▼

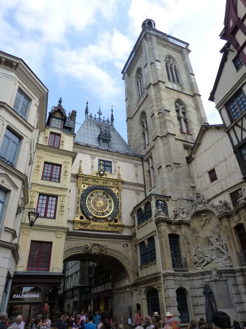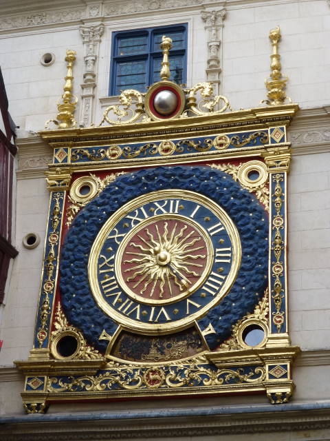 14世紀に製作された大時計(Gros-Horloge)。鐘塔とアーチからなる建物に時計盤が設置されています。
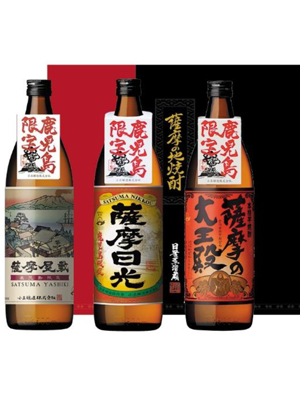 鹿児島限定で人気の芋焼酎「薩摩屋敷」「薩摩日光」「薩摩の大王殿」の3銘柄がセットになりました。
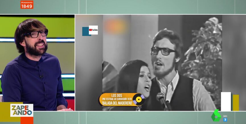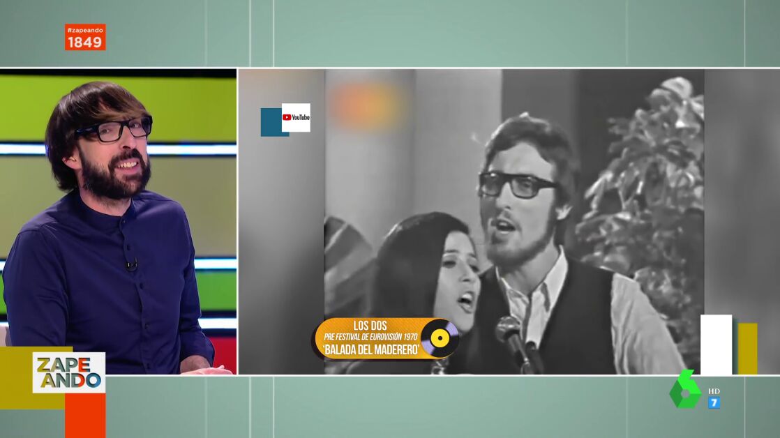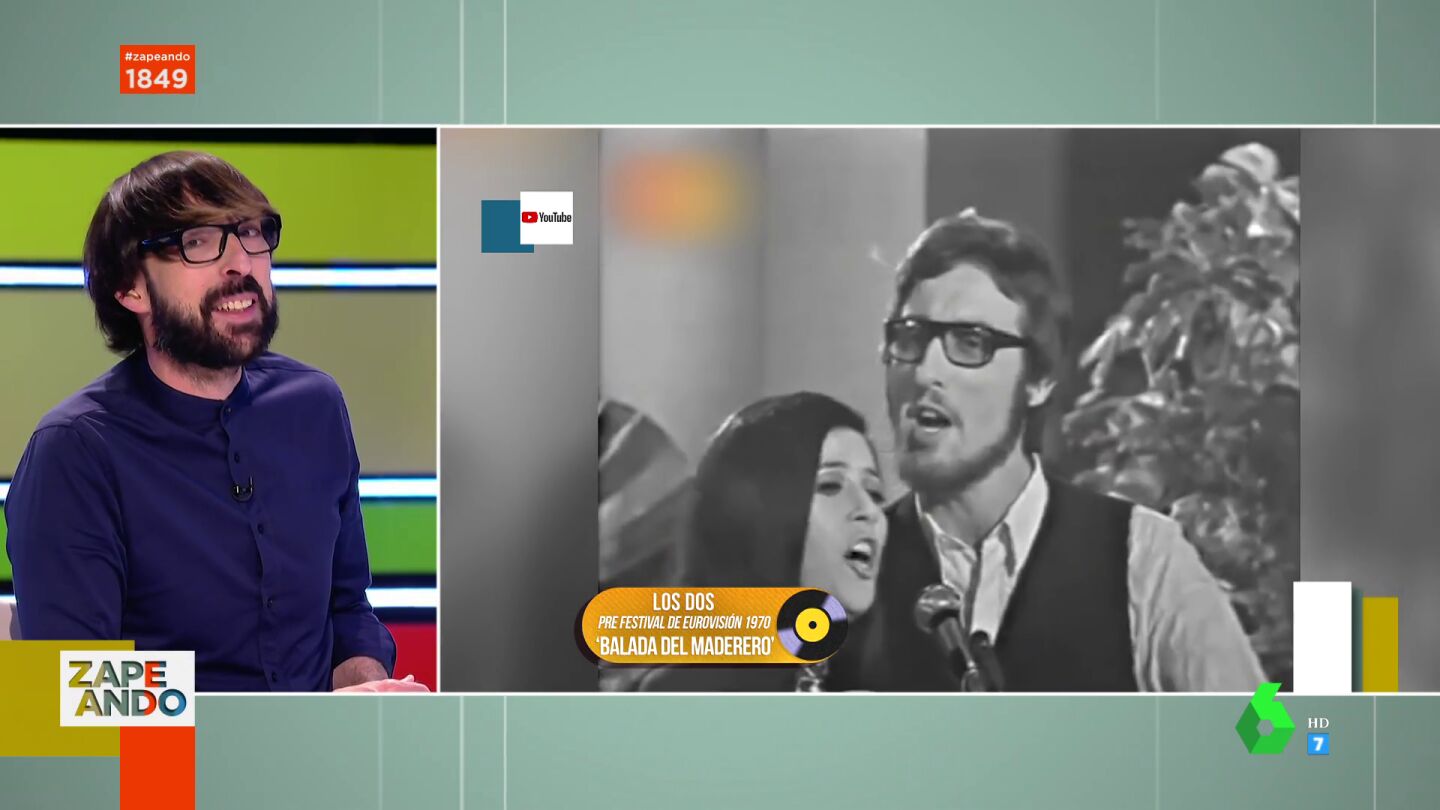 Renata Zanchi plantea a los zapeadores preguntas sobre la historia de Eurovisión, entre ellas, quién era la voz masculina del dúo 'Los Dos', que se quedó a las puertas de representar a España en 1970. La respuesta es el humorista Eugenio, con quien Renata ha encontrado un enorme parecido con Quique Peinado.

▲

## What to do
What you give back must match the material above exactly, minus its pictures.

## Reply
 14世紀に製作された大時計(Gros-Horloge)。鐘塔とアーチからなる建物に時計盤が設置されています。
 鹿児島限定で人気の芋焼酎「薩摩屋敷」「薩摩日光」「薩摩の大王殿」の3銘柄がセットになりました。
 Renata Zanchi plantea a los zapeadores preguntas sobre la historia de Eurovisión, entre ellas, quién era la voz masculina del dúo 'Los Dos', que se quedó a las puertas de representar a España en 1970. La respuesta es el humorista Eugenio, con quien Renata ha encontrado un enorme parecido con Quique Peinado.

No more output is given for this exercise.